White Charles S, Pugatch Robert, Koonce Thomas, Rust Steven W, Dharaiya Ekta
University of Maryland Medical Center, 22 S. Greene Street, Baltimore, MD 21201, USA.
Acad Radiol. 2008 Mar;15(3):326-33. doi: 10.1016/j.acra.2007.09.027.
The purpose of this multicenter, multireader study was to evaluate the performance of computed tomography (CT) lung nodule computer-aided detection (CAD) software as a second reader.

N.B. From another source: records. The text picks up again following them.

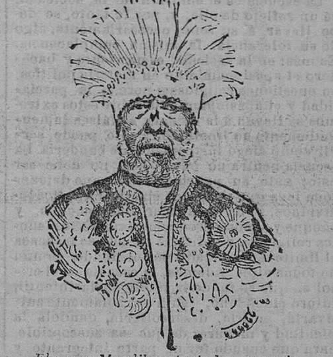
El negus Menelik en traje de ceremonia

En fin, que una vez más ha circulado por
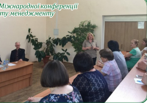
Учасники Міжнародної конференції факультету менеджменту

18-19 травня Міжнародна науково-практична конференція «Міжрегіональна взаємодія логістичних систем в умовах трансформації економіки» відбулася на факультеті менеджменту. У роботі наукового заходу взяли участь як вітчизняні науковці, так і вчені з університетів США, Білорусі, Ка-
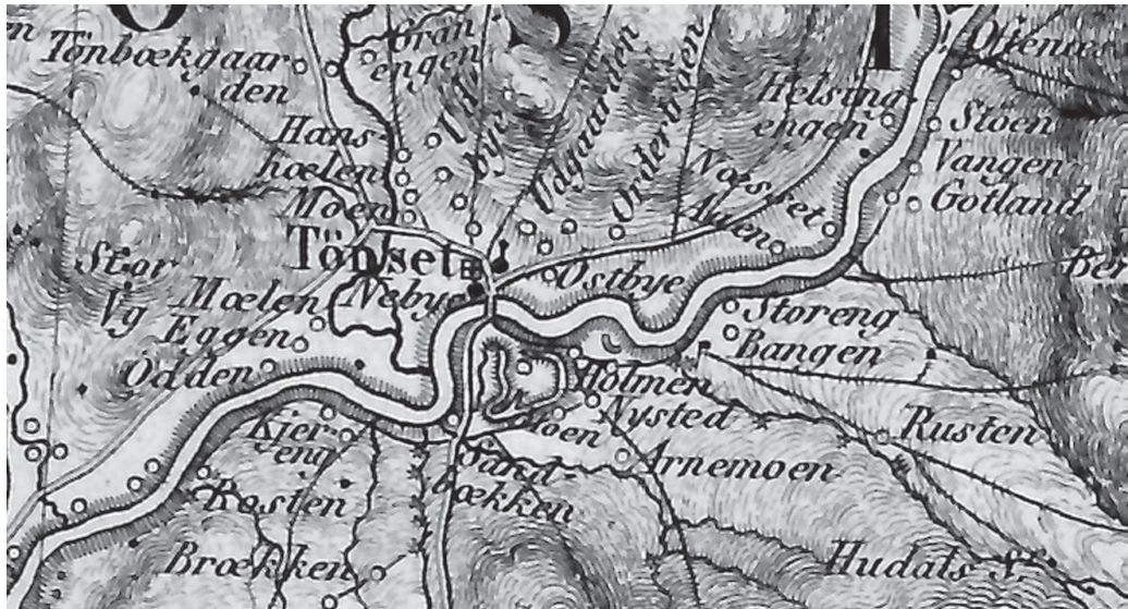
Kartutsnitt fra kart over Hedemarken Amt 1829, som viser veisystemet omkring Nebybrua. Kjerka er angitt med en firkant med kryss, men den sto ikke der i 1733. Gamlekjerka stod ovafor Prestegården.
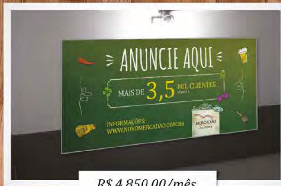
Painel Escada – Solo
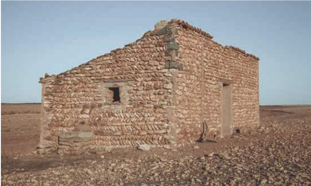
Arquitectura y resistencia. Popular contemporánea. Lleida, España.
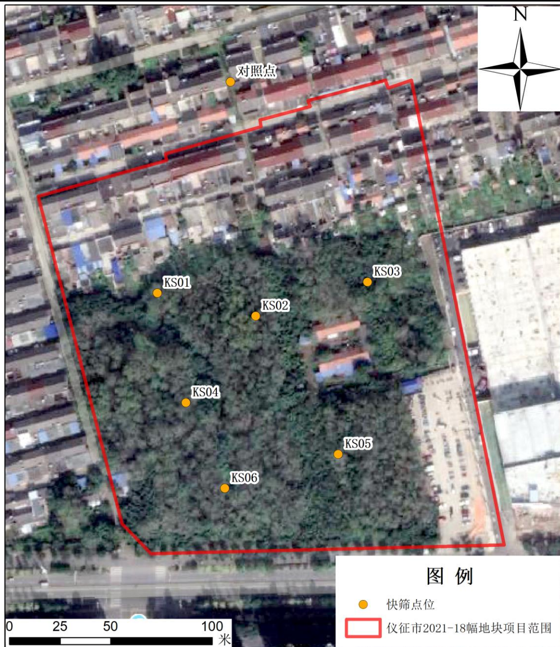
图 2.2-4 现场快筛点位图
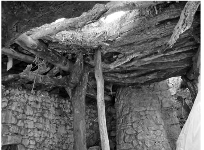
Res. 14: Aigai Yakınlarındaki İkinci Değirmen
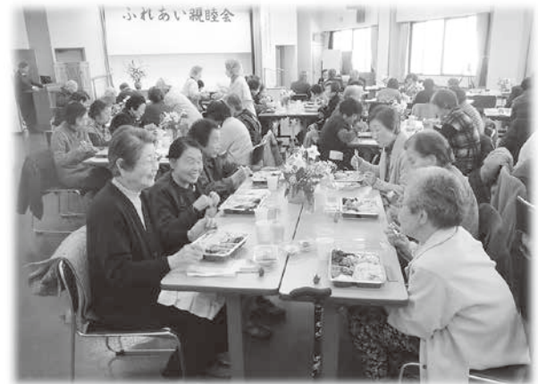
ふれあい親睦会の様子
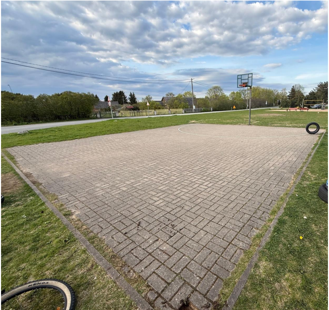
Joonis 3. Olemasolev plats.
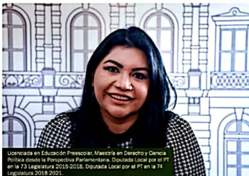
Licenciada en Educación Preescolar, Maestría en Derecho y Ciencia Política desde la Perspectiva Parlamentaria. Diputada Local por el PT en la 73 Legislatura 2015-2018, Diputada Local por el PT en la 74 Legislatura 2018-2021.
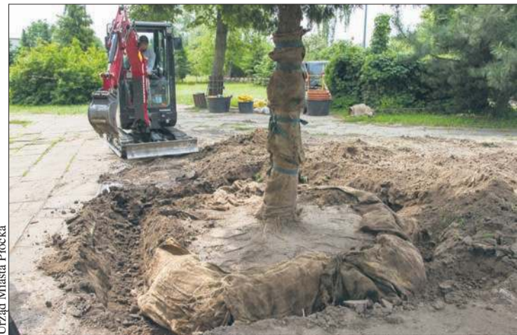
Zanim rozpocznie się rozbudowa i termomodernizacja budynku ZST przy al. Kilińskiego, niezbędne jest przesadzenie drzew

Przypomnijmy, że szkoła kształci między innymi w Branżowych Szkołach I i II stopnia, gdzie młodzież uczy się na: monterów maszyn, mechaników samochodowych, operatorów obrabiarek, ślusarzy czy
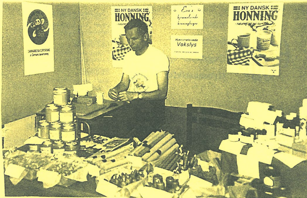
ELLIF PÅ UDSTILLINGEN

Juleafslutning på skolen. Kl. 8.15 - 9.30 hygger man sig i klasserne. Derefter står 5. klasse for arrangementet. Kl. 10 går vi i kirken for at synge julesalmer og høre juleevangeliet. Derefter laver b.h. klassen, 1. klasse og 2. klasse små julespil i idrætssalen. Forældre, bedsteforældre og børnehaven er velkomne. Og så er der juleferie til den 3. januar.

The study involved 109 patients from four sites. The data were collected from a variety of multidetector CT scanners and had different scan parameters. Each chest CT scan was divided into four quadrants. A group of three expert thoracic radiologists identified nodules between 4 and 30 mm in maximum diameter within each quadrant. The standard of reference was established by a consensus read of these experienced radiologists. The cases were then interpreted by 10 other radiologist readers with varying degrees of experience, without and then with CAD software. These readers identified nodules and assigned an actionability rating to each quadrant before and after using CAD software. Receiver operating characteristic curves were used to measure the performance of the readers without and with CAD software.
The average increase in area under the curve for the 10 readers with CAD software was 1.9% for a 95% confidence interval (0.8-8.0%). The area under the curve without CAD software was 86.7% and with CAD software was 88.7%. A nonsignificant correlation was observed between the improvement in sensitivity and experience of the radiologists. The readers also showed a greater improvement in patients with cancer as compared to those without cancer.
In this multicenter trial, CAD software was shown to be effective as a second reader by improving the sensitivity of the radiologists in detecting pulmonary nodules.
这项多中心、多阅片者研究的目的是评估计算机断层扫描(CT)肺结节计算机辅助检测(CAD)软件作为第二阅片者的性能。
该研究纳入了来自四个地点的109名患者。数据采集自各种多排CT扫描仪,且扫描参数不同。每次胸部CT扫描被分为四个象限。一组三名胸科专家放射科医生在每个象限内识别最大直径在4至30毫米之间的结节。参考标准由这些经验丰富的放射科医生通过共识阅片确定。然后由另外10名经验程度不同的放射科阅片者在不使用和使用CAD软件的情况下对病例进行解读。这些阅片者在使用CAD软件前后识别结节并为每个象限分配可操作性评级。使用受试者操作特征曲线来衡量不使用和使用CAD软件时阅片者的性能。
使用CAD软件的10名阅片者曲线下面积的平均增加为1.9%,95%置信区间为(0.8 - 8.0%)。不使用CAD软件时曲线下面积为86.7%,使用CAD软件时为88.7%。在敏感性改善与放射科医生经验之间观察到无显著相关性。与无癌症患者相比,阅片者在癌症患者中也显示出更大的改善。
在这项多中心试验中,CAD软件被证明作为第二阅片者是有效的,可提高放射科医生检测肺结节的敏感性。